For the second straight day, New Jersey lawmakers introduced gun control bills in response to the deadliest mass shooting in U.S. history over the weekend in Las Vegas.
Sens. Nia Gill (D-Essex) and Richard Codey (D-Essex) introduced a bill Thursday to ban .50 caliber weapons, a measure that was approved by the Legislature in 2013 but vetoed by Gov. Chris Christie, even though he had called for a similar version of that bill after the Sandy Hook massacre.
Later on Thursday, Assemblywoman Holly Schepisi (R-Bergen) announced a bill to ban a gun accessory found in the hotel room of the Las Vegas shooter. Senate Democrats had unveiled a similar bill banning the accessory, called “bump stocks,” on Wednesday.
“If ever there was a time to have a serious conversation about the gun laws in our state and nation, it is now,” Gill said in a statement. “Congress must take action on common-sense gun violence prevention legislation that for too long has languished in Washington. However, as we do on so many issues, states should be leading the way.”
The massacre in Las Vegas has renewed a debate over gun control and has become an issue in the New Jersey governor’s race this week. Both of the major-party candidates for governor said Thursday that they supported a ban on bump stocks, a gun accessory that allows shooters to fire bullets rapidly, resembling automatic fire.
Phil Murphy, the Democratic nominee, said he would sign such a bill “without hesitation.” He has pledged to sign several gun control measures if elected governor, including a ban on .50 caliber weapons. New Jersey already is considered to have some of the strictest gun controls in the country.
“Military-grade weapons have no place in our homes and on our streets,” Murphy said in a statement. “I urge the entire Legislature to swiftly consider this bill. If Governor Christie vetoes it yet again, I pledge to sign it if elected.”
Lt. Gov. Kim Guadagno, the Republican nominee, initially said Wednesday that she wouldn’t change any gun laws in New Jersey. But on Thursday, Guadagno said she supports banning bump stocks, but no other additional gun restrictions. A Guadagno campaign spokesman did not answer a follow-up question about her position on banning .50 caliber weapons.
“Automatic weapons are already illegal, so we should absolutely have a discussion about bump stocks, which seem to violate the spirit of the law,” Guadagno said in a statement.

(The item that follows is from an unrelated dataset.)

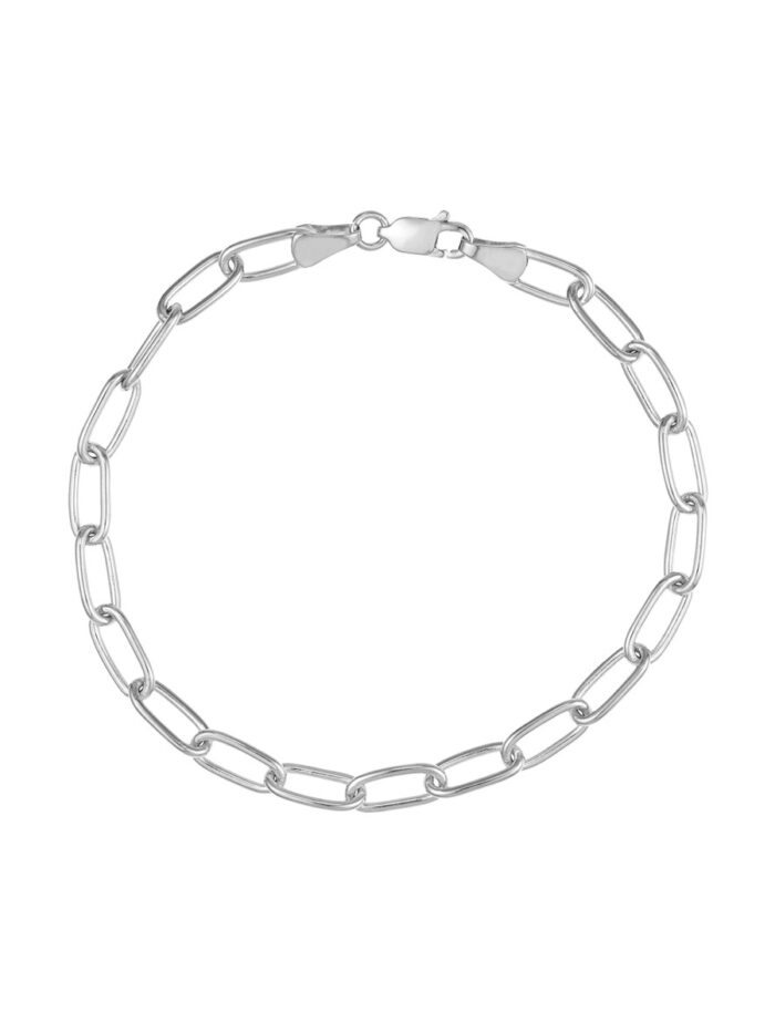 Make a statement with this eye-catching 5mm Paper Clip Chain crafted from lustrous 14K white gold. The classic paperclip design adds a touch of modern elegance, while the sturdy lobster clasp ensures secure wear. Weighing in at a substantial 2.8 grams, this chain is both durable and comfortable. At 7.5 inches, it’s the perfect length to showcase your style.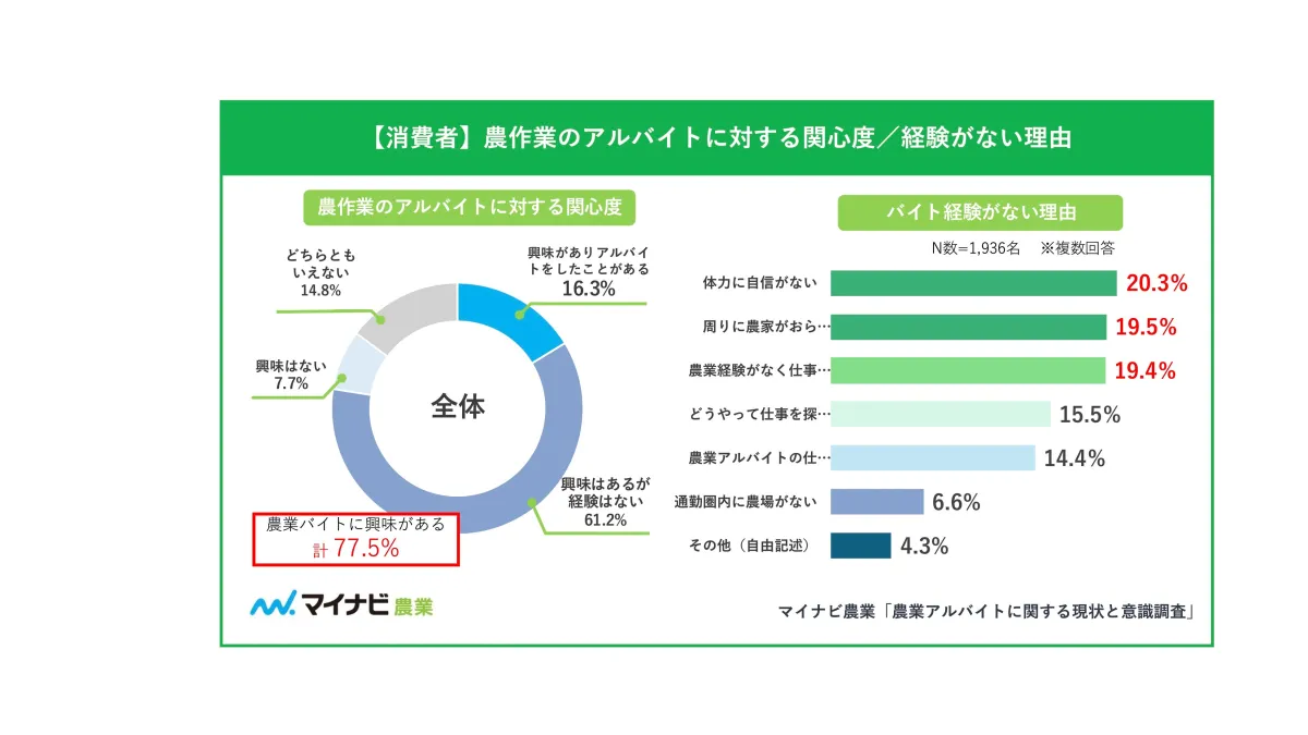 マイナビが実施した「農業アルバイトに関する現状と意識調査」によると、多くの消費者が農業アルバイトに興味を示す一方で、実際に経験したことがある人は少ないという矛盾した状況が浮かび上がりました。住友化学はこの状況を受け、「農mers」が消費者と農家のそうした非対称性を解消するために開発されているとしています。

Stephen Paddock, who killed 59 people and injured more than 500 others when he opened fire at a concert crowd from a Las Vegas hotel window, modified his weapons with bump stocks to increase the rate of fire. The weapon accessory has come under scrutiny since the shooting. The White House, House Speaker Paul Ryan (R-Wis.) and National Rifle Association have announced they are open to regulating bump stocks.
Under Schepisi’s bill, possession of bump stocks would be a second-degree crime and those who already own the accessories would have 60 days to turn them into police. A bill sponsored by Codey, Sen. Ray Lesniak (D-Union) and Senate Majority Leader Loretta Weinberg (D-Bergen) would give residents 90 days to turn them in and retailers a 30-day grace period.